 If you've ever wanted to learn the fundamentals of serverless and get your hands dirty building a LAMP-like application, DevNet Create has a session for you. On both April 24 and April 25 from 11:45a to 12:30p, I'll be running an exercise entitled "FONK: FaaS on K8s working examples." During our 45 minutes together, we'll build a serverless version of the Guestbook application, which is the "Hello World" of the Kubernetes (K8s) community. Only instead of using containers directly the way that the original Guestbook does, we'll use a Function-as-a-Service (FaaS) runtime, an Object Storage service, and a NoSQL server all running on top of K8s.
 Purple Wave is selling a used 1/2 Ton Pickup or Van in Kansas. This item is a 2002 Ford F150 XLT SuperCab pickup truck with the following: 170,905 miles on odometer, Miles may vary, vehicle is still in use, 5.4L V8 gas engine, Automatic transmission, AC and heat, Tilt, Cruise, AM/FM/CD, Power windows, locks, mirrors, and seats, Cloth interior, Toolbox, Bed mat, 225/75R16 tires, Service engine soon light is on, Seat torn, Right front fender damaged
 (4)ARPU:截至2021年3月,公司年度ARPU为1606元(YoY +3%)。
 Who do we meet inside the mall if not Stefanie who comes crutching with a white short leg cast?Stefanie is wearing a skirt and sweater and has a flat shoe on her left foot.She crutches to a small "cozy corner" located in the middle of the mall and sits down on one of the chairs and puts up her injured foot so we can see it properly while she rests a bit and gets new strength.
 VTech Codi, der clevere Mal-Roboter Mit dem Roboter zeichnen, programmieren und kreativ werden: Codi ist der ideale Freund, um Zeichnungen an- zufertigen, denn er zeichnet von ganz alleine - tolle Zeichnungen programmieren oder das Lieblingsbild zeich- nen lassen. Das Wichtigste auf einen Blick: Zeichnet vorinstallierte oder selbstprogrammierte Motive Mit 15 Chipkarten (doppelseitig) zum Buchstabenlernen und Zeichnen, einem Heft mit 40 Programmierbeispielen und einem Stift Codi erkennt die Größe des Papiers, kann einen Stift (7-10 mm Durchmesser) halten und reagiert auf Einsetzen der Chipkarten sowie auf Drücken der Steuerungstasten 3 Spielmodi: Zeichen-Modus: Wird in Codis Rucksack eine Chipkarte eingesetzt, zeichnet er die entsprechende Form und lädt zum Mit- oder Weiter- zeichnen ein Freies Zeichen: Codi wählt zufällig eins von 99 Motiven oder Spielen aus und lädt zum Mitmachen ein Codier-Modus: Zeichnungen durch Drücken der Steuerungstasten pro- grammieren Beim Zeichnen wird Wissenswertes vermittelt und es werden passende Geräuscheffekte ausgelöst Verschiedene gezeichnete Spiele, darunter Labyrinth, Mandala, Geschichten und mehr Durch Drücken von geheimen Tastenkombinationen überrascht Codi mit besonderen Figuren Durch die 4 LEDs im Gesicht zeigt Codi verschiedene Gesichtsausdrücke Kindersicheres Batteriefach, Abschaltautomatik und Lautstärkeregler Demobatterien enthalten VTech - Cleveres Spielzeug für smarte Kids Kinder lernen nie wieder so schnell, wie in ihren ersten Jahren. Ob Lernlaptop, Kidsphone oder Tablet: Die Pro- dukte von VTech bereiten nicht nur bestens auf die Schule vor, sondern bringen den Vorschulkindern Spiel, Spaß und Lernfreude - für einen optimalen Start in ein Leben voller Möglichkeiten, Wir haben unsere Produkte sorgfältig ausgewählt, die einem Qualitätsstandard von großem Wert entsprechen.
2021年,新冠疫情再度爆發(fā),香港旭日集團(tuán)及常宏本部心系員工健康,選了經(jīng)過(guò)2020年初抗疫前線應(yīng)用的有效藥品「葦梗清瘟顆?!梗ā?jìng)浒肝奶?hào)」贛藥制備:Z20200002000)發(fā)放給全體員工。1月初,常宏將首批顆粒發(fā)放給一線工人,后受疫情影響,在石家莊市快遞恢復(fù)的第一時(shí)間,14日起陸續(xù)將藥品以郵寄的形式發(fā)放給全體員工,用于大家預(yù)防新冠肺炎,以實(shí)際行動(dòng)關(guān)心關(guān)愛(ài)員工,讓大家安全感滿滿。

▶ _WHAT IS REQUIRED_: Go through the entries. Report every line that contains the word "with".

▶ _SOLUTION BELOW_:
 Purple Wave is selling a used 1/2 Ton Pickup or Van in Kansas. This item is a 2002 Ford F150 XLT SuperCab pickup truck with the following: 170,905 miles on odometer, Miles may vary, vehicle is still in use, 5.4L V8 gas engine, Automatic transmission, AC and heat, Tilt, Cruise, AM/FM/CD, Power windows, locks, mirrors, and seats, Cloth interior, Toolbox, Bed mat, 225/75R16 tires, Service engine soon light is on, Seat torn, Right front fender damaged
 Who do we meet inside the mall if not Stefanie who comes crutching with a white short leg cast?Stefanie is wearing a skirt and sweater and has a flat shoe on her left foot.She crutches to a small "cozy corner" located in the middle of the mall and sits down on one of the chairs and puts up her injured foot so we can see it properly while she rests a bit and gets new strength.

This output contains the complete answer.